Schulze J, Troeger C
Abteilung Hand- und periphere Nervenchirurgie, Universitätsspital Basel, Schweiz.
Handchir Mikrochir Plast Chir. 2010 Feb;42(1):44-8. doi: 10.1055/s-0030-1247590. Epub 2010 Mar 4.
The complex regional pain syndrome type I (CRPS I) is a painful neuropathic disorder with an antecedent disproportionate trauma leading to spontaneous pain, hyperalgesia, impaired motor function, swelling, changes in sweating and vascular abnormalities without nerve injury. Whether this syndrome is the result of central or peripheral autonomic dysfunction is still a matter of debate. The purpose of this study was to determine the activity of the sympathetic nervous system in patients with CRPS I by power spectral analysis of heart rate variability.

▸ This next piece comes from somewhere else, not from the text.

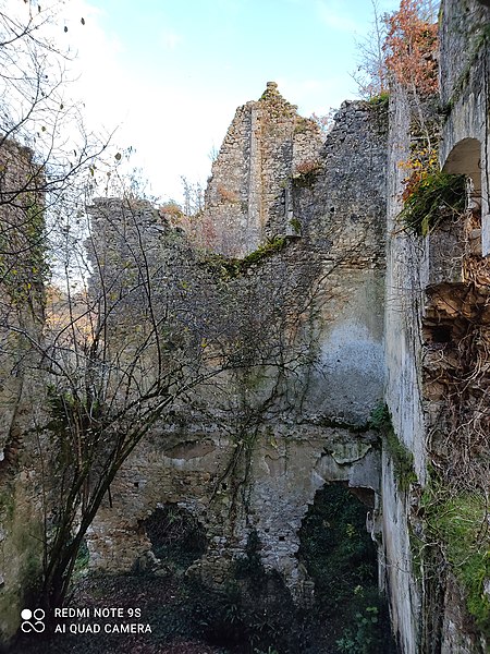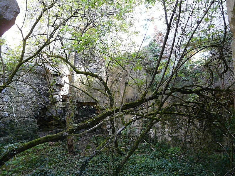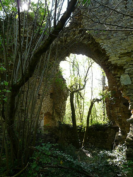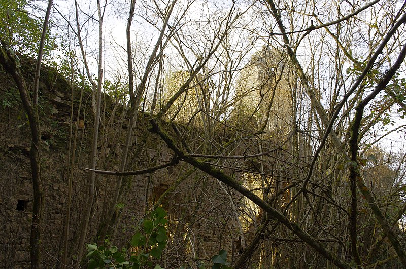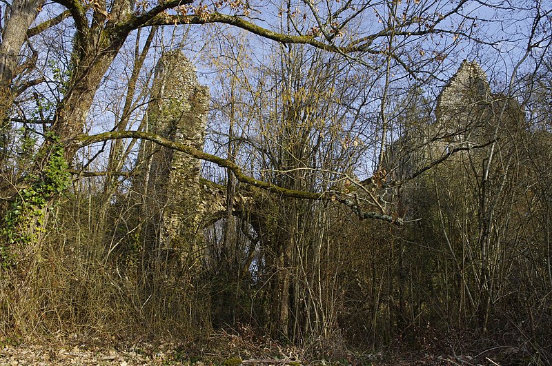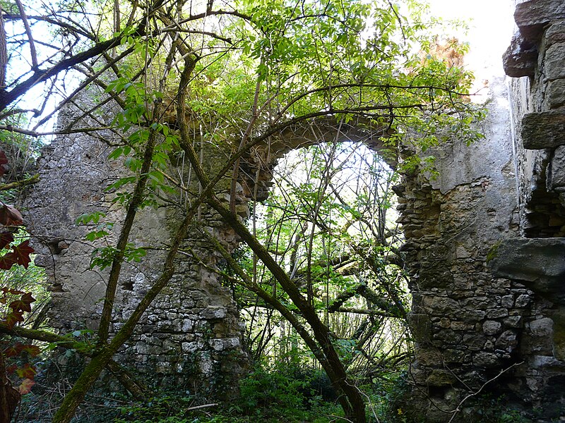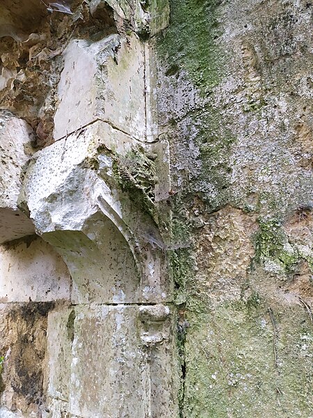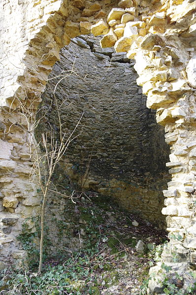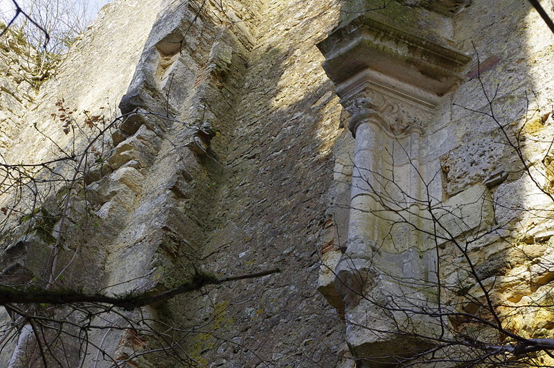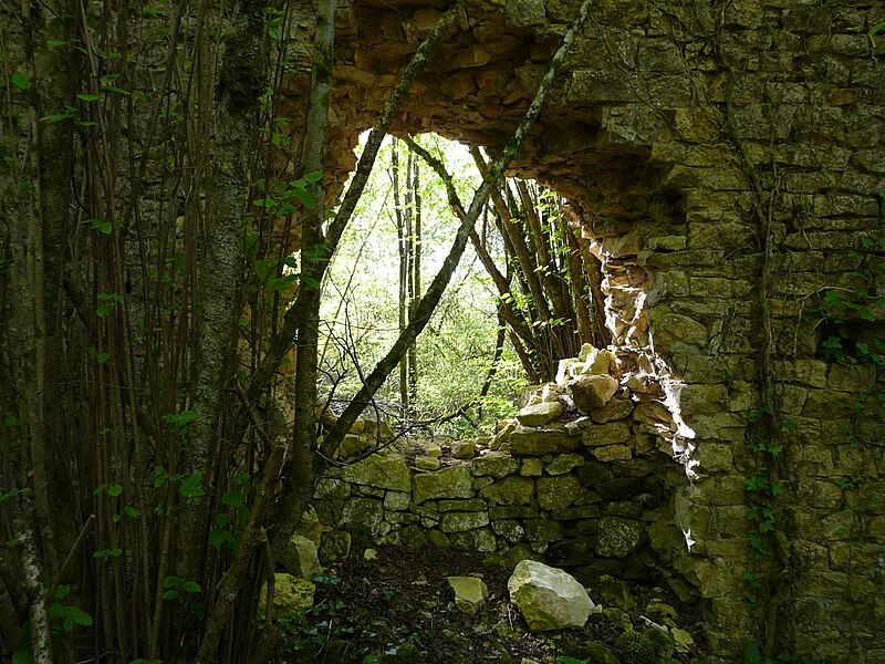Des photographies et relevés montrent le panneau d'information à l'accès, la façade arrière, diverses vues extérieures et intérieures des ruines, des moulures au-dessus d'une porte, les vestiges de cheminées et de portes, des piliers de cheminée, l'accès au sous-sol et le logis lui‑même.
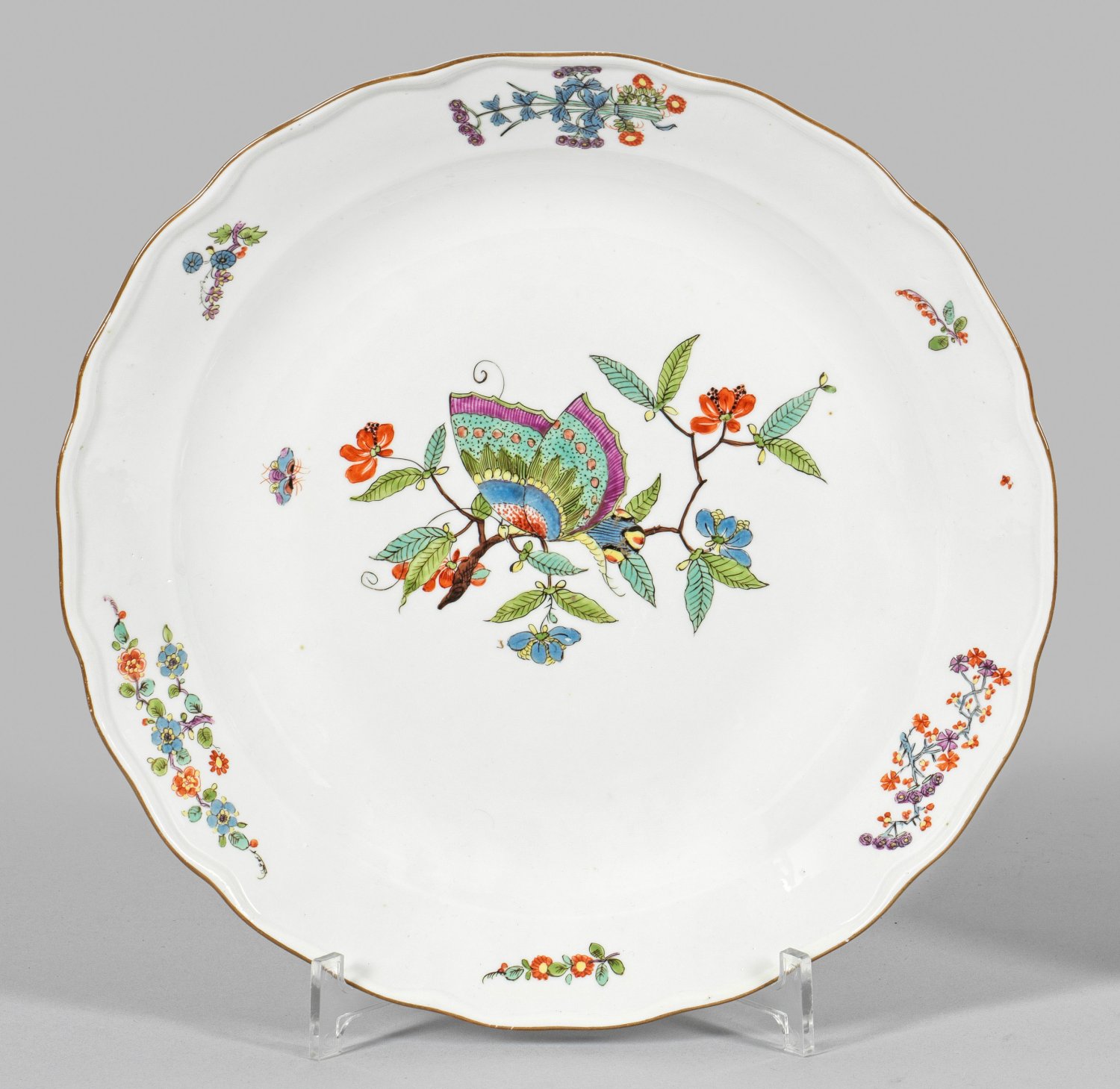 Runde Form mit passig geschweiftem, kapuzinerbraunem Rand. Im vertieften Spiegel auf einem Ast sitzender Schmetterling, auf der Fahne gestreute Blütenzweige. Polychrome Kakiemonmalerei in Moos- und Seegrün, Emailblau, Purpur, Gelb und Braun. Press-Nr. 20. Ber.; Schwertermarke. D. 30 cm.

This is a pilot study on 6 patients (mean age 50 years; 4 female, 2 male) diagnosed as suffering from CRPS I and 6 age-matched healthy controls. In the pain-free interval and after taking rest for 5 min, 512 subsequent heart beats were obtained with an ECG standard lead II in the supine and then sitting position. Using an autoregressive model, power spectral densities were calculated for the following frequency bands: <0.040 Hz (very low frequency; VLF), 0.040-0.150 Hz (low frequency; LF) and 0.150-0.4 Hz (high frequency; HF). The sympatho-vagal balance is expressed by the ratio of the low-frequency component (LF) to the high-frequency component (HF) of the power spectrum.
Significant differences in the mean LF/HF ratios were found in the patients with CRPS I compared to the healthy controls in the supine position (LF/HF=4.01 vs. LF/HF=1.27; p=0.041). The application of stress by changing to the sitting position even increased that difference (6.72 vs. 1.93).
Our results support the hypothesis that the pathogenesis of the early stage CRPS I might be related to an increased sympathetic activity. By assessing the autonomic influence on the heart rate variability in CRPS I patients we could also conclude that this disturbance occurs rather at a central level.
Ⅰ型复杂性区域疼痛综合征(CRPS Ⅰ)是一种疼痛性神经病变疾病,先前存在不成比例的创伤,导致自发痛、痛觉过敏、运动功能受损、肿胀、出汗改变和血管异常,且无神经损伤。该综合征是中枢或外周自主神经功能障碍的结果仍存在争议。本研究的目的是通过心率变异性的功率谱分析来确定CRPS Ⅰ患者交感神经系统的活动。
这是一项针对6例诊断为CRPS Ⅰ的患者(平均年龄50岁;4例女性,2例男性)和6例年龄匹配的健康对照者的初步研究。在无痛间期且休息5分钟后,使用心电图标准Ⅱ导联在仰卧位然后坐位获取随后的512次心跳。使用自回归模型,计算以下频段的功率谱密度:<0.040 Hz(极低频;VLF)、0.040 - 0.150 Hz(低频;LF)和0.150 - 0.4 Hz(高频;HF)。交感 - 迷走平衡用功率谱的低频成分(LF)与高频成分(HF)的比值表示。
与健康对照者相比,CRPS Ⅰ患者在仰卧位时平均LF/HF比值存在显著差异(LF/HF = 4.01 vs. LF/HF = 1.27;p = 0.041)。改为坐位施加压力后,这种差异甚至更大(6.72 vs. 1.93)。
我们的结果支持以下假设,即早期CRPS Ⅰ的发病机制可能与交感神经活动增加有关。通过评估自主神经对CRPS Ⅰ患者心率变异性的影响,我们还可以得出这种紊乱主要发生在中枢水平的结论。